Yamaha’s YZ250F has now enjoyed more than a decade as one of the prime racing motorcycles of the MX2/250 division at the highest level. On its inception in 2001 it instantly established a new creed of motocrosser - the 250cc four-stroke - paving the way for the latest generation of MX2-GP class machines. On the track the 2012 YZ250FM works prototype is again hoping to break barriers with a fully modified engine including an advanced fuel injection system for a third season.
The YZ250F was an instant hit on its world championship introduction in 2003, dominating the second half of the 125 championship with Stefan Everts and claiming eight from nine races, scooping the manufacturer’s crown. In the first year of the MX2 category in 2004 the bike was again gracing the top step of the podium. The following campaign Italian Antonio Cairoli obtained a maiden title for the machine on an YZ250F prepared by famed tuner Claudio De Carli. He repeated his success in 2007 after finishing runner-up in ’06.
The YZ250F race-bike was updated for 2009 with a weight drop of 500g and a new lighter swingarm improving handling along with a redesigned rear hub. For 2010 the bike was again revised with a brand new engine, styling and centralisation of the chassis. For 2011 YRRD (Yamaha Rinaldi Research and Development) embarked on an ambitious new prototype engine project including fuel injection and celebrated a Grand Prix victory and six further podium trophies with Gautier Paulin. 2013 will see the third generation of that prototype hit the tracks in the hands of Christophe Charlier.
The race-proven production YZ250F is an excellent base.
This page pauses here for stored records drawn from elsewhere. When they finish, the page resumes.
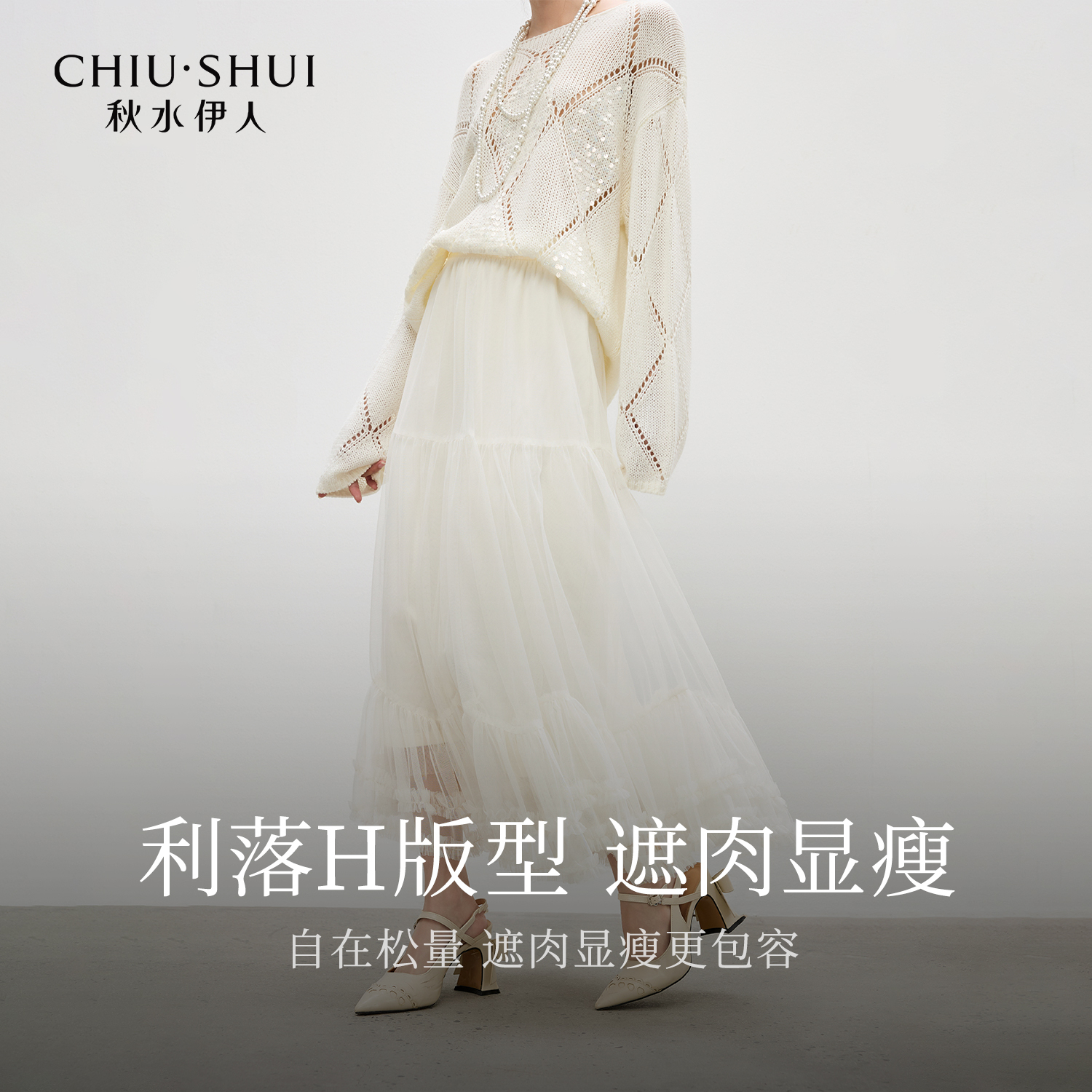 秋水伊人浪漫优雅裙子2025年冬季新款女时尚木耳边网纱设计半身裙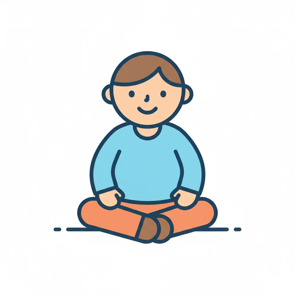 Ein lächelnder Junge sitzt im Schneidersitz.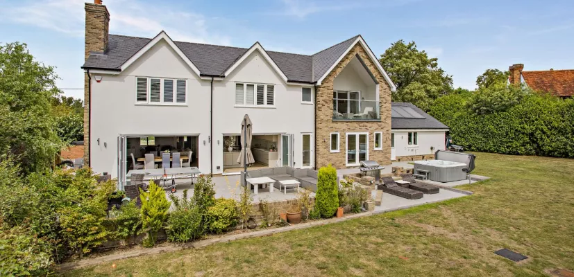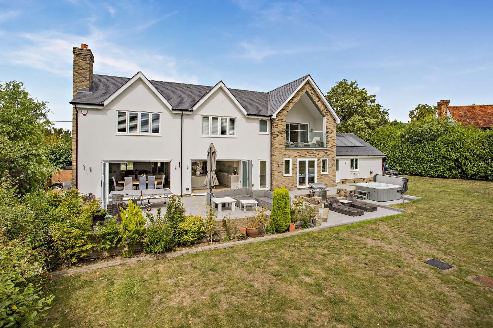 The well-maintained enclosed garden to the rear is laid mainly to level lawn bordered by mature hedging and trees. It features a vaulted garden room with a bespoke bar, en suite cloakroom and bi-fold doors to a paved, part pergola-covered terrace together with a large paved terrace with hot tub area, accessible from the rear aspect rooms and ideal for entertaining and al fresco dining. The whole enjoys far-reaching views over neighbouring countryside.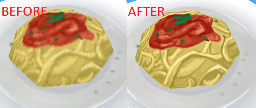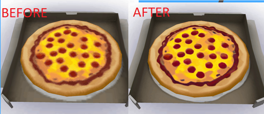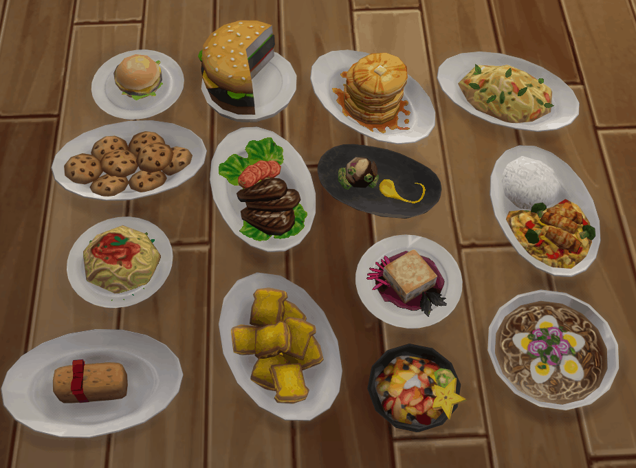 This mod override all food textures with one 4 times bigger (upscaled), keeping the original maxis match look, so you can get closer without it looking like an absolute mess. (mostly, some are so messed that it’s hard to make it good)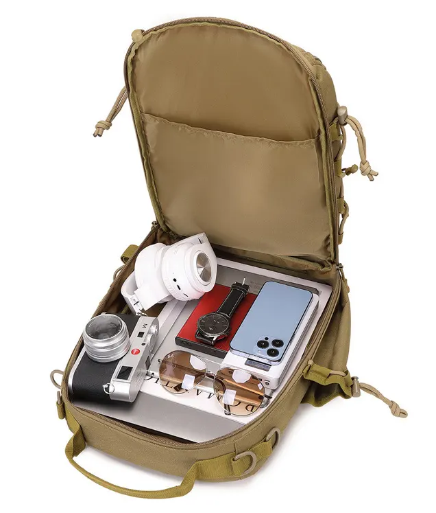 This tactical backpack is designed for versatility and organization, perfect for outdoor activities, commuting, or travel. It can be used as a dual-shoulder or single-shoulder bag, with multiple pockets and functional details to keep your gear in order.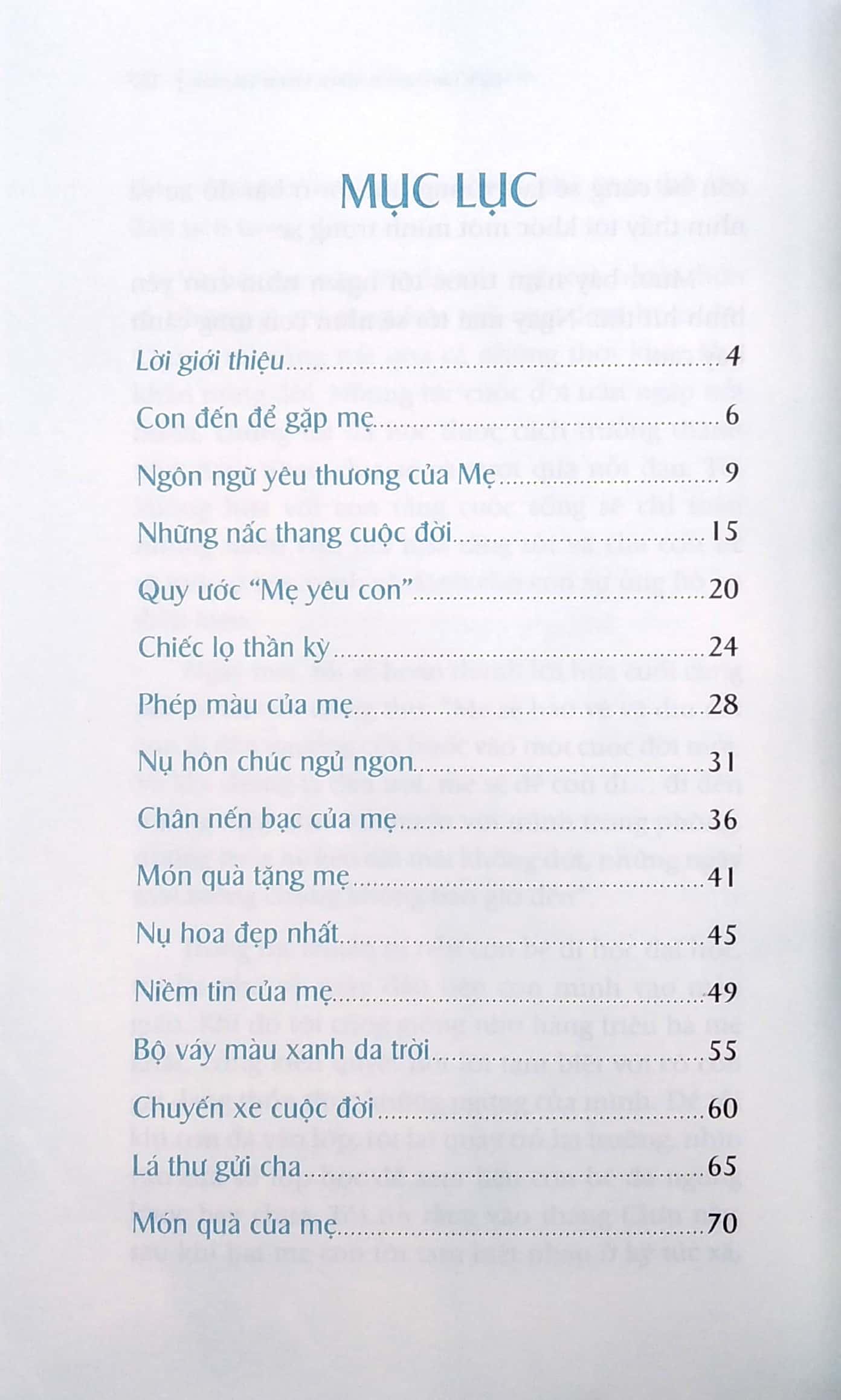 Trong những trang sách, bạn sẽ tìm lại được những phút giây đồng cảm trong tình yêu thương, cảm xúc về Mẹ, tìm về ký ức tuổi thơ thân thương gắn bó bên Mẹ, và cả về lỗi lầm, những suy tư trăn trở, về tất cả những gì Mẹ đã hy sinh cho chúng ta. Chúng ta hãy cùng đọc để suy nghĩ và dành những gì sâu sắc nhất cho Mẹ – người đã tạo ra chúng ta, đã từng, đang và sẽ mãi yêu thương chúng ta đến cuối cuộc đời.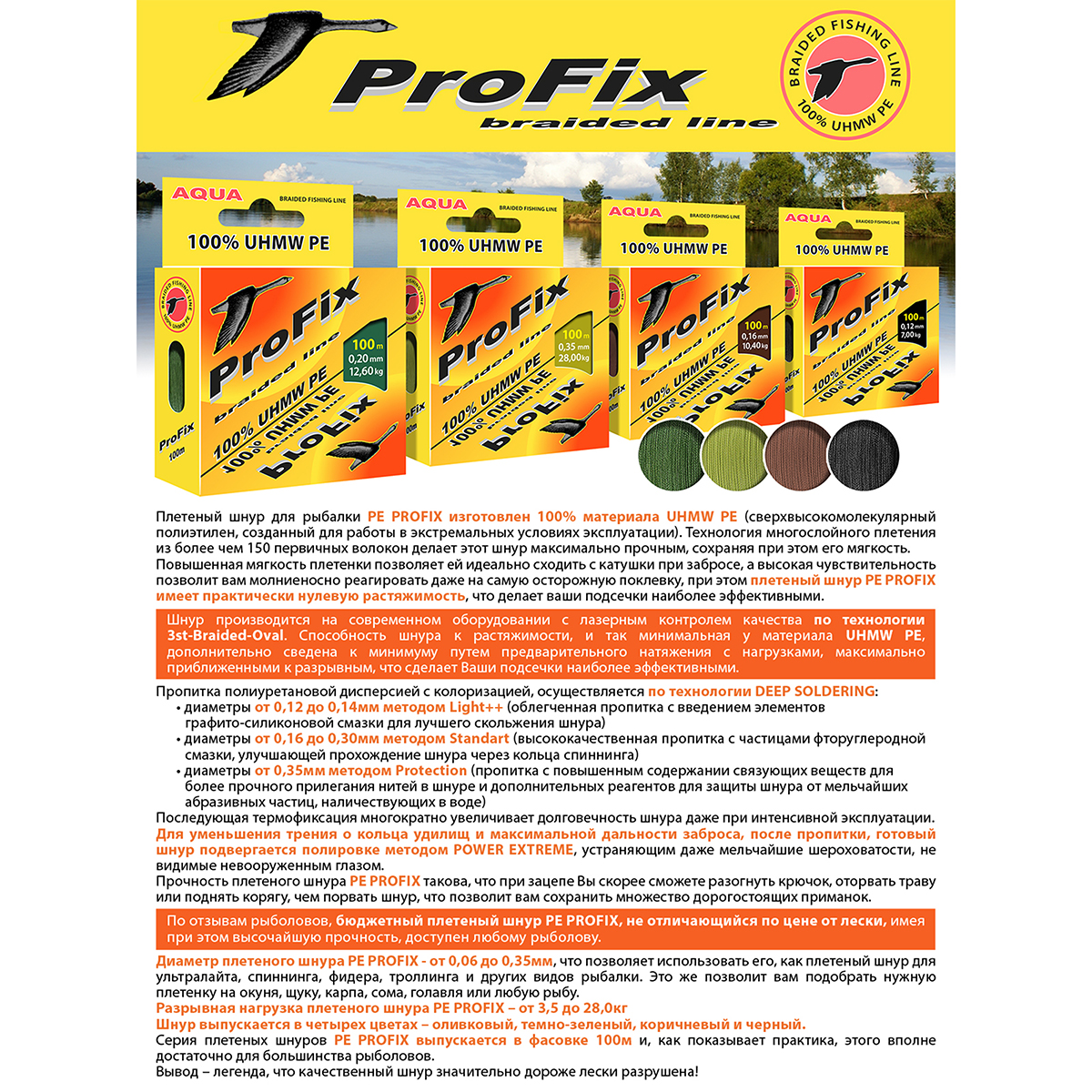 Шнур Aqua ProFix 100м 0,20мм 12,6кг оливковый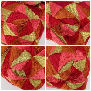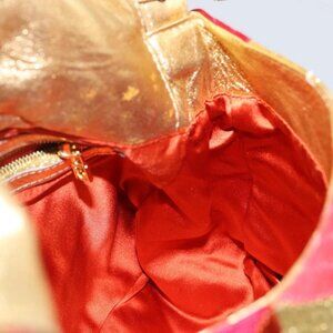 FENDI Mamma Baguette Shoulder Bag Satin Red Gold Auth 144979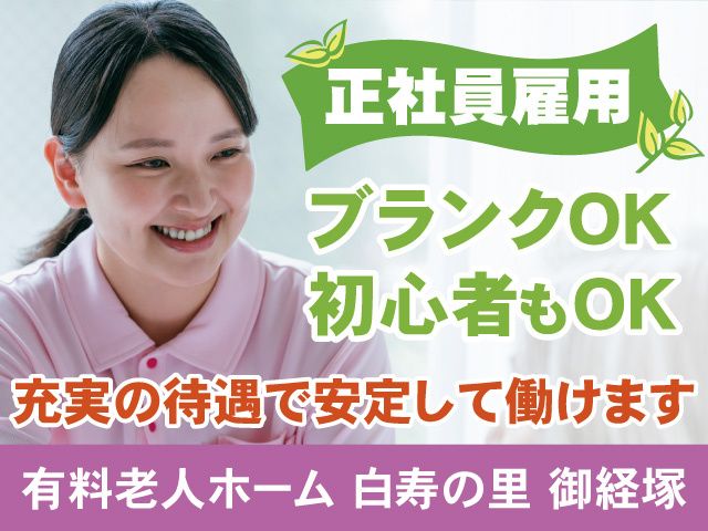 仕事内容 住宅型有料老人ホーム「白寿の里 御経塚」にて 正社員の介護スタッフ募集中! ////////////////////////////////////////////// ▼ 未経験・ブランクOK! 資格はあるけど実務経験がない方、 介護職にブランクがある方も大歓迎 ▼ 安定の正社員雇用! 昇給・賞与・資格手当など、 安心して長く働ける待遇が充実◎ ▼ 週休2日制! ワークライフバランスを大切にできます ////////////////////////////////////////////// 【お仕事内容】 施設入居者様への介護業務をお願いします。 ワンフロア8~12名のご利用者様に対し 日常生活の支援(食事・入浴・排せつ介助など)や見守り、 レクリエーションなど行います。 \ゆとりある人員体制で安心/ ご利用者様32名に対し、スタッフは約25名。 一人ひとりにしっかりと寄り添える、無理のない職場環境です。 職員同士も助け合いながら働いており、 未経験の方やブランクのある方も安心して働けます。 〈安心の医療・介護体制〉 訪問診療・訪問看護・訪問リハビリと連携し、 介護スタッフが安心して働ける体制が整っています。 また、清掃や洗濯などは外部提携先が担当するため、 介護業務に集中できる環境です。 「まずは話だけ聞きたい」という方も歓迎です。 あなたからのご応募を心よりお待ちしています。 【施設見学、随時受付中!】 まずは実際の雰囲気を見てみたい方も大歓迎! お気軽にお問い合わせください。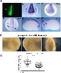 Figure 1. The spatial expression pattern of Xenopus mex3A. Whole mount in situ hybridization approaches show that mex3A is expressed in the central nervous system. (A) Mex3A expression at blastula stage (stage 3). (B,C) At neurula (stage 20) and at tadpole stages (stage 27), mex3A is expressed in: neural tube, developing eye, neural crest cells (white arrowhead) and otic vesicle (white arrow). At stage 37, an accumulation of mex3A transcript persisted in the most anterior region of the central nervous system (D). (E,F) In situ hybridization on frozen tissue of transverse sections on WT embryos at stage 41. ISH signal was revealed using fluorescent Fast Red and is visualized in red. Nuclei were revealed in blue with Hoechst. (E,F) Mex3A is expressed in CMZ of the retina (red arrow), in ventricular zone of the midbrain and in subventricular zone of the hindbrain.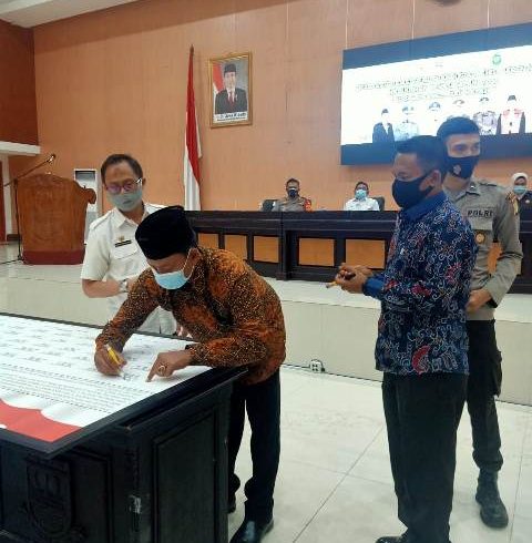 Pada acara tersebut, para calon kepala desa disaksikan unsur Forkopimda (Forum Komunikasi Pimpinan Daerah) Kabupaten Bekasi, menandatangani Deklarasi Pilkades Damai.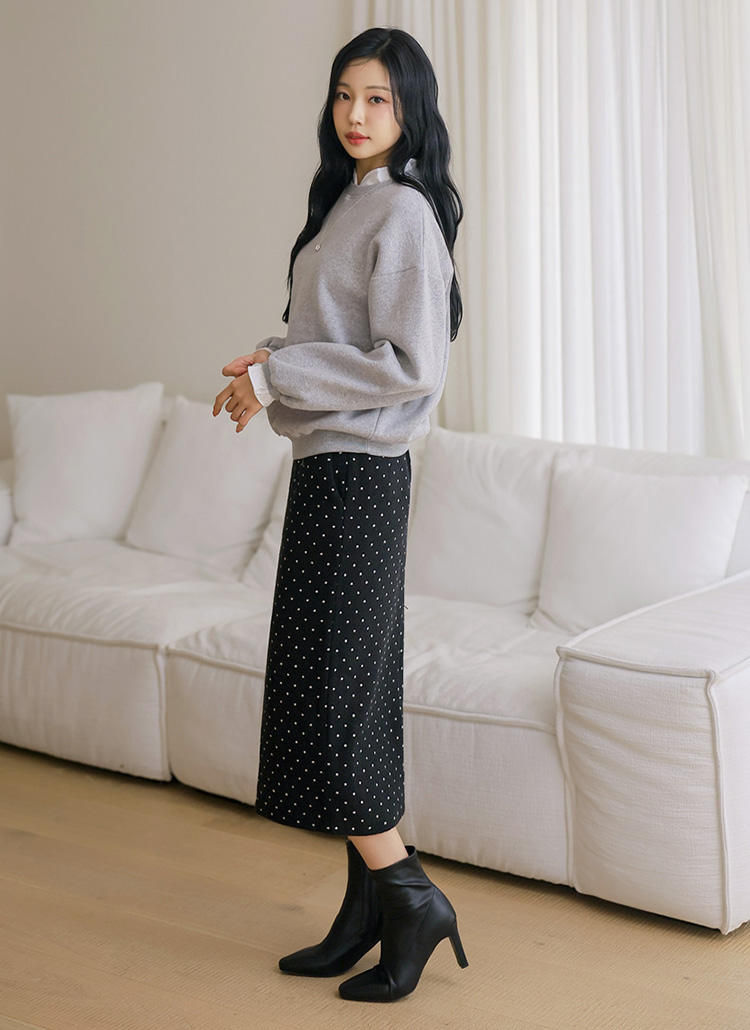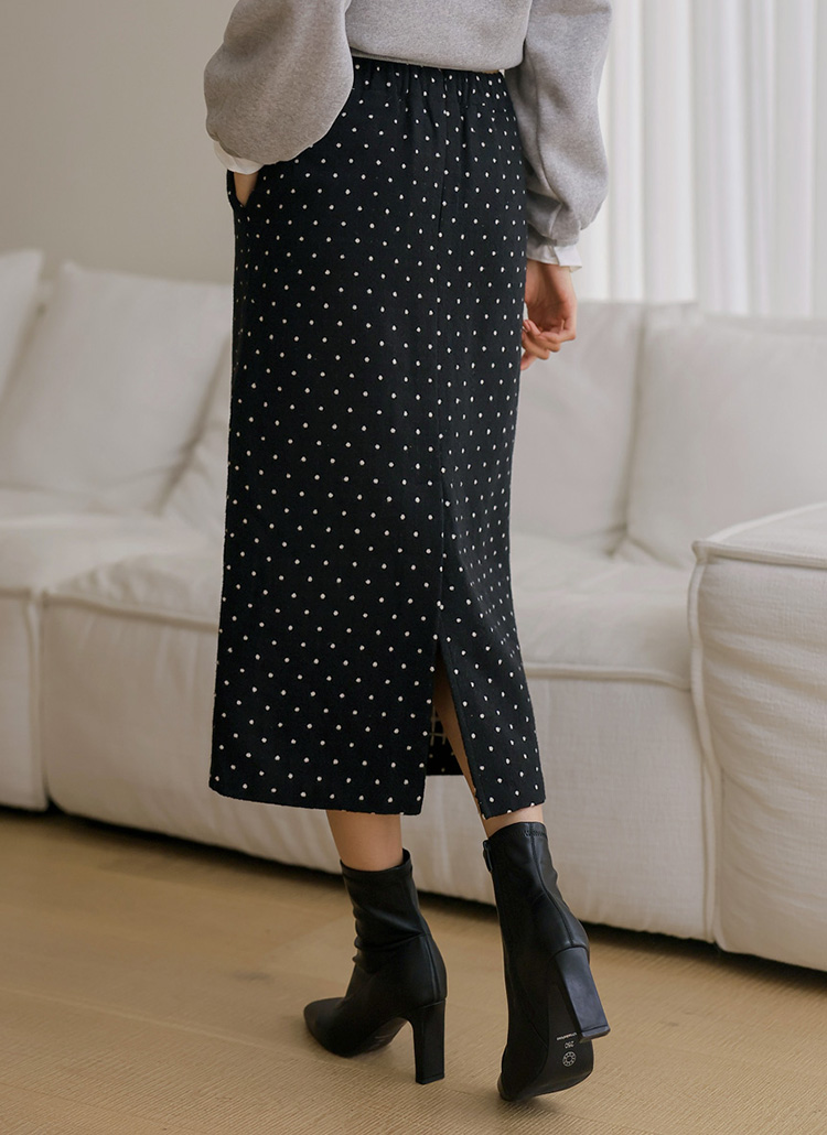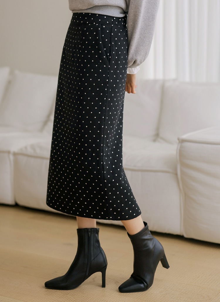 [Theonme] 시즈엘 톡톡 울 도트 뒷밴딩 H라인 스커트

In 2009 the motorcycle, in the hands of Charlier, won the extremely competitive MX2 European Championship; the Grand Prix feeder series and in 2010 and 2011 Zach Osborne and Arnaud Tonus claimed the MX2 British Championship.
The 2012 version of the YZ250F saw yet more refinements made to this capable motorcycle. A new bi-lateral beam frame with improved rigidity meant enhancement in the already superb handling and a new lighter valve system and redesigned carburettor has added boost to the potential of the engine. The modifications were part of the formula that helped Mel Pocock to a dominant run to the ’12 European Championship. Yamaha Rinaldi Research and Development (YRRD) kit parts were key in the technical assistance that Chiara Fontanesi received in order to win her – and Yamaha’s – first ever FIM Women’s World Championship.
The 2013 YZ250FM prototype continues to progress and has undergone major development on the engine with increased performance compared to the ’12 model. Mid and mid-top areas of the powerband have been boosted thanks to new parts and different specifications.
Riders such as Pocock, Maxime Desprey and Dean Ferris will be using a Cosworth powered YZ250F engine entered by the Monster Energy Yamaha squad of Steve Dixon.
Teams and racers on circuits across the continent benefit from the acclaimed YRRD race kits with engine upgrades and components designed to allow the YZ250F to operate at the peak of its performance.